Artificial Intelligence: Surveillance is On The Rise

For the past years we’ve been recorded in public on security cameras, police bodycams, livestreams, other people’s social media posts, and so on. But even if there’s a camera in our face, there has always been a slight assurance that strangers wouldn’t really be able to do anything that affects us with the footage. The time and effort it would take for someone to browse through months of security footage to find a specific person, or search the internet on the off-chance they’ll find you is just unrealistic. But not for AI.

Long possible in Hollywood thrillers, the tools for identifying who someone is and what they’re doing across video and images are taking shape. Companies like Facebook, Google and Baidu have been working on such artificial intelligence-powered technology for years.

But the increasing rate of success and widening availability of these systems foretell a near future when every video is analyzed to identify the people, objects, and actions inside.
Artificial intelligence researchers have struggled for years to build algorithms that could look at a picture and tell what it depicts. The complexity of images, each containing millions of pixels that form unique patterns, was just too complicated for hand-coded algorithms to reliably work.

Since then the systems have grown in complexity and scale. Researchers began making larger networks of “neurons,” while hardware manufacturers like NVIDIA began engineering specialty processors to make the networks exponentially faster. The result has been a nearly unbelievable rise in what the systems can accomplish. Given a large dataset of images or video, these systems can be trained to learn what a person’s face looks like, and reliably identify it again and again.

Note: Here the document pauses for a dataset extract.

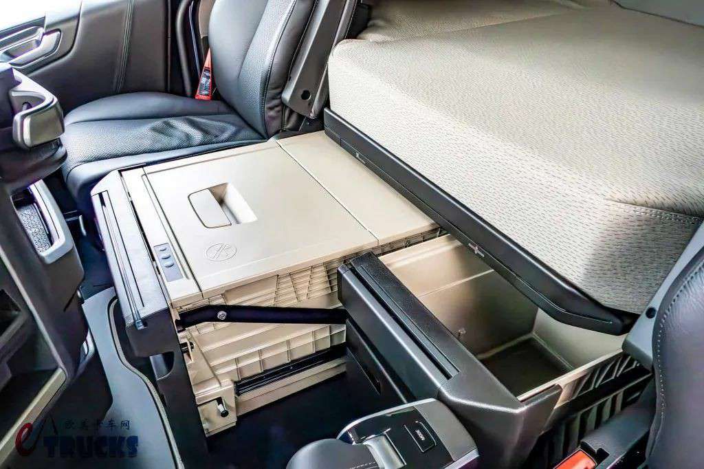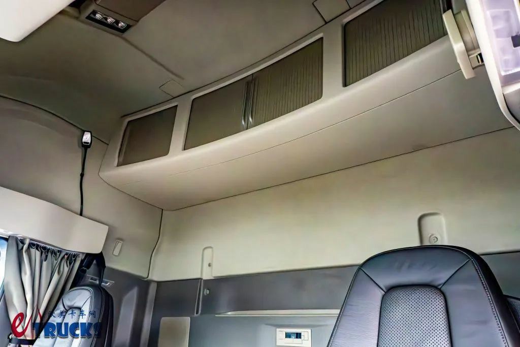 而在驾驶室方面,本车采用了沃尔沃Globetrotter XL型高顶带卧铺驾驶室,这款驾驶室也是除XXL加长后壁驾驶室外,沃尔沃FH Aero可选尺寸最大的驾驶室。该驾驶室的内部净高达到2米左右,并有着充足的储物空间,可为两名驾驶员提供舒适体验。得益于超大驾驶室空间,本车还采用了上下双级储物舱。上级用来放置大件物品,下级放点手套之类的杂物,非常的方便。

Facebook has also showed interest in this technology to understand who are in livestreams on the site and what they’re doing. In an interview last year, director of Applied Machine Learning Joaquin Quiñonero Candela said that, ideally, Facebook would understand what’s happening in every live video, in order to be able to curate a personalised video channel for users.
Facial recognition in still images and video is already seeping into the real world.

Baidu is starting a project where facial recognition is used instead of tickets for events. The venue knows who you are, possibly from a picture you upload or your social media profile, sees your face when you show up and knows if you’re allowed in. Paris tested a similar feature at its Charles de Gaulle airport for a three-month stint this year, following Japan’s pilot program in 2016, though neither organizations have released results of the programs.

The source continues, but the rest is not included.